The “Donate for Desh” has no clear message; nor does it have a mission that contributors can identify with. Neither Mr Kharge nor the Gandhi family have an iota of the charisma and the appeal that Mahatma Gandhi possessed in truckloads, which makes the argument that the fund drive has a pedigree the same as the Tilak Swaraj Fund an insult to the extraordinary effectiveness of a campaign that inspired women to donate their gold, the only property they possessed over which they had total control.
It would have been inconceivable for the Mahatma to squander the collections on a Bharat Yatra with an abstract mission of presenting itself as a crusader for “nyay”, or justice. It is absurd for the Congress to finance a road trip involving complicated logistics and enormous expenditure for setting up camps, transporting yatris and the container modules for Rahul Gandhi and other VIP leaders to sleep in without firming up seat-sharing with its INDIA partners in UP, Maharashtra, Bihar and West Bengal, for starters. It seems to have no memory of its recent pitiable performance in Madhya Pradesh, Chhattisgarh and Rajasthan, where it lost to the BJP in the recent Assembly elections.
And it has not as yet unveiled strategy for states like Odisha, Assam, Jharkhand and Meghalaya.
If the Congress is committed to the challenge of mobilising the masses to vote for it and the INDIA collective, it should have got on with the seat-sharing negotiations, for starters. The Rahul Gandhi-led yatra may have had some political value if INDIA as a collective of parties had a common minimum programme and a common campaign strategy. None of this has progressed to the point that the yatra and the campaign can be fused together to create a buzz among voters in what is politically hostile terrain for the Congress and the INDIA alliance.
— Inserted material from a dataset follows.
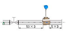流量調節閥或壓力調節閥盡量安裝在傳感器的下游5D以遠處,若必須安裝在傳感器的上游,傳感器上游應有不小于50D的等徑直管段,下游應有不小于5D的等徑直管段。
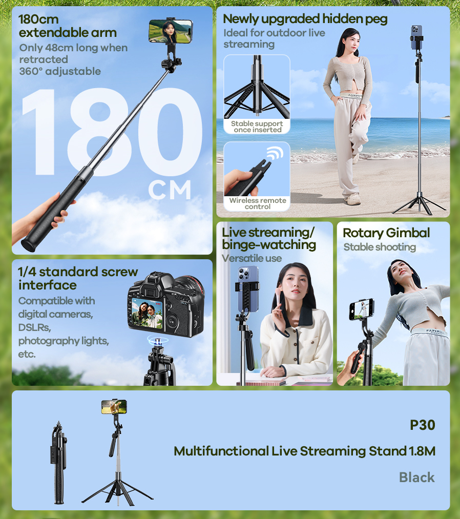 1. Cải tiến đầu tiên trong ngành: Chốt ẩn được nâng cấp, đảm bảo ảnh chụp ổn định mà không bị rung, lý tưởng để phát trực tiếp ngoài trời

The vague announcement that eight to ten meetings of the INDIA group will be held across the country seems to have nothing with to do with a coordinated strategy to grab voter attention as the yatra gets going. What message can the yatra deliver in UP if the Samajwadi Party and smaller parties on the one hand and the Congress on the other have not finalised seat-sharing and a common campaign agenda?
The BJP’s message and mission are clear. The party led by Mr Modi guarantees delivery on all promises. The Ram Mandir inauguration is the biggest and shiniest example of the guarantee message and its capacity to fulfil its declared mission.
Funds, message and mission, that is resources, purpose and strategy, is the basic minimum that the Congress needs for a mandate to lead the INDIA collective and put up an honest fight against the BJP. The people’s mandate will not be delivered on a platter; INDIA and the Congress will have to fight for it. Without syncing message, mission and strategy, the INDIA collective will be at best a banner and the regional parties will work independently to protect the turf they now control from the even more aggressive and immensely beefed-up BJP, after the Ram Mandir inauguration on January 22, 2024.